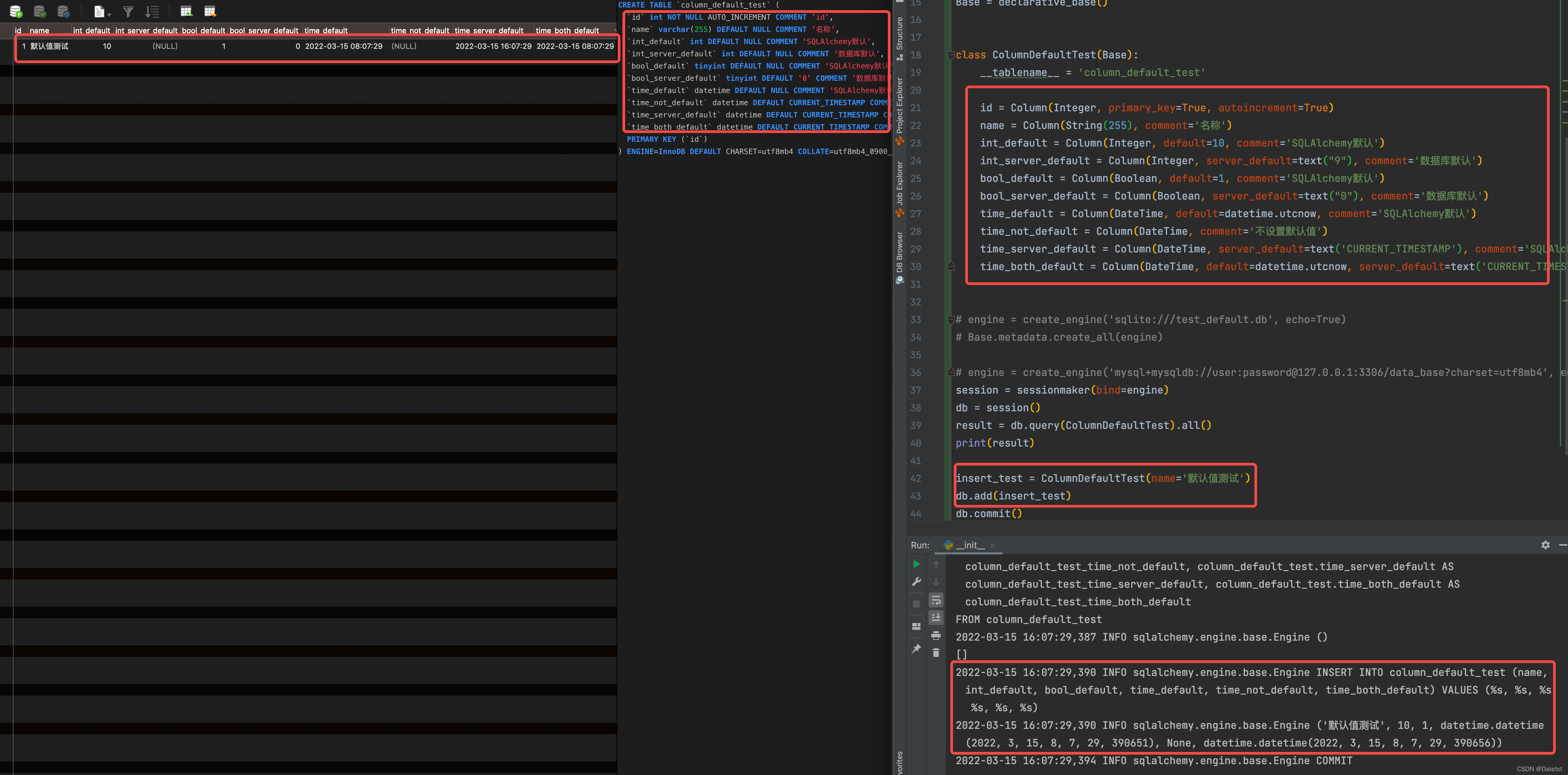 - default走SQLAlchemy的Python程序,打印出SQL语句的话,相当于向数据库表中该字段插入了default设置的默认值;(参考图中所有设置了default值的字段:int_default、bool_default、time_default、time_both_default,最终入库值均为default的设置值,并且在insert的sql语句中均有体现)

* * *

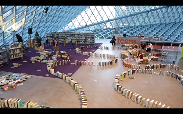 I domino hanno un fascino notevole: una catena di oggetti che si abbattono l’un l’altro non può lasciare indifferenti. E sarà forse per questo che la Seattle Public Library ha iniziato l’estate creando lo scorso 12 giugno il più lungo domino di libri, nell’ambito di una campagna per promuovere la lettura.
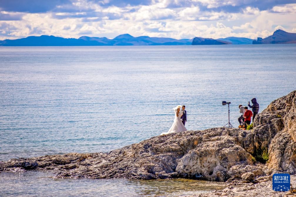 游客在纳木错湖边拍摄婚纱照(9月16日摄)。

* * *

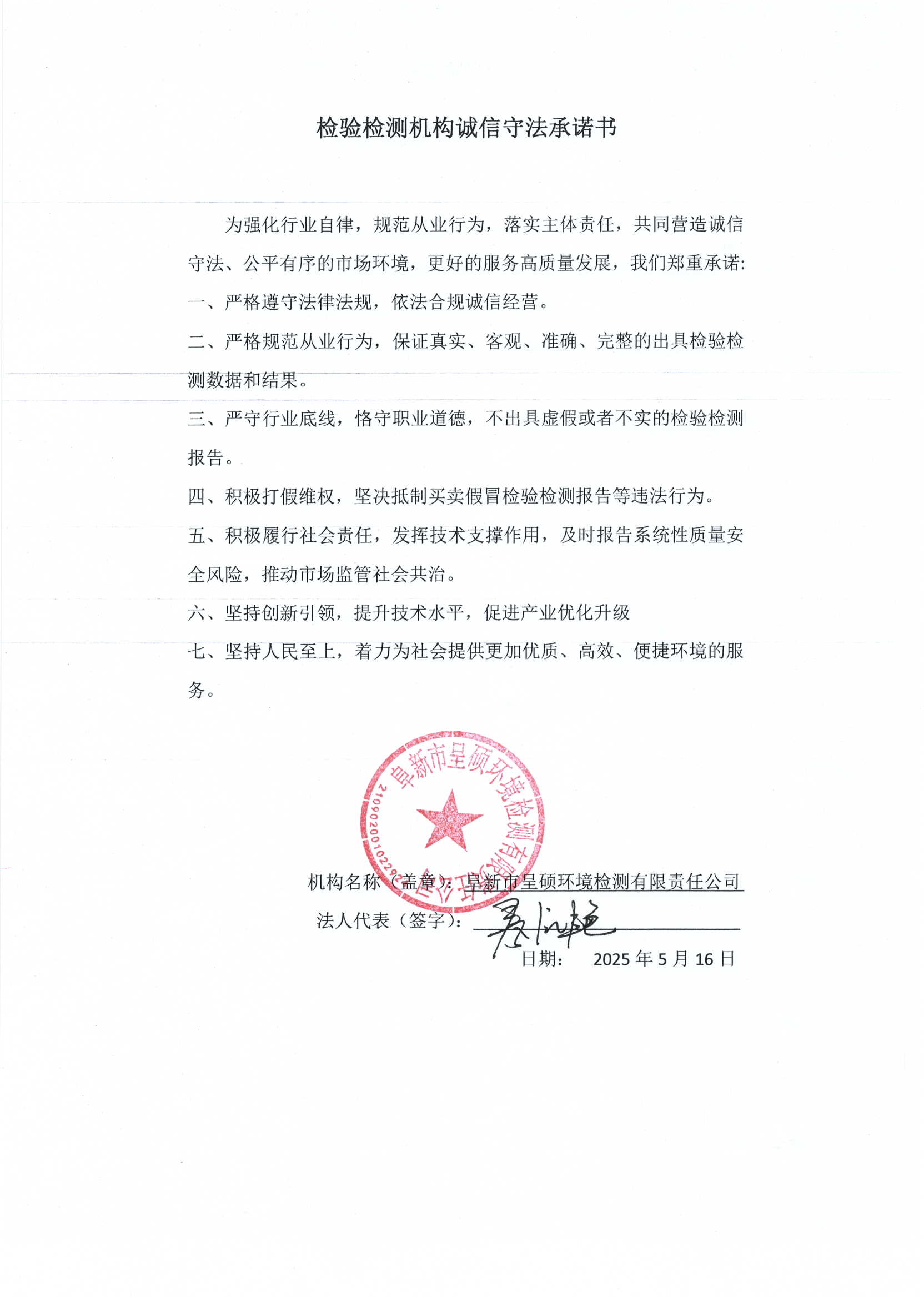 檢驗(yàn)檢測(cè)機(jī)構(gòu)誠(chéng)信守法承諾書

■ Required action
Since the pictures are not part of the copy, please transcribe only the lines above from the one with "I domino hanno" through the one with "游客在纳木错湖边拍摄婚纱照(9月16日摄)。", exactly and with both ends.

■ Result for this task
 I domino hanno un fascino notevole: una catena di oggetti che si abbattono l’un l’altro non può lasciare indifferenti. E sarà forse per questo che la Seattle Public Library ha iniziato l’estate creando lo scorso 12 giugno il più lungo domino di libri, nell’ambito di una campagna per promuovere la lettura.
 游客在纳木错湖边拍摄婚纱照(9月16日摄)。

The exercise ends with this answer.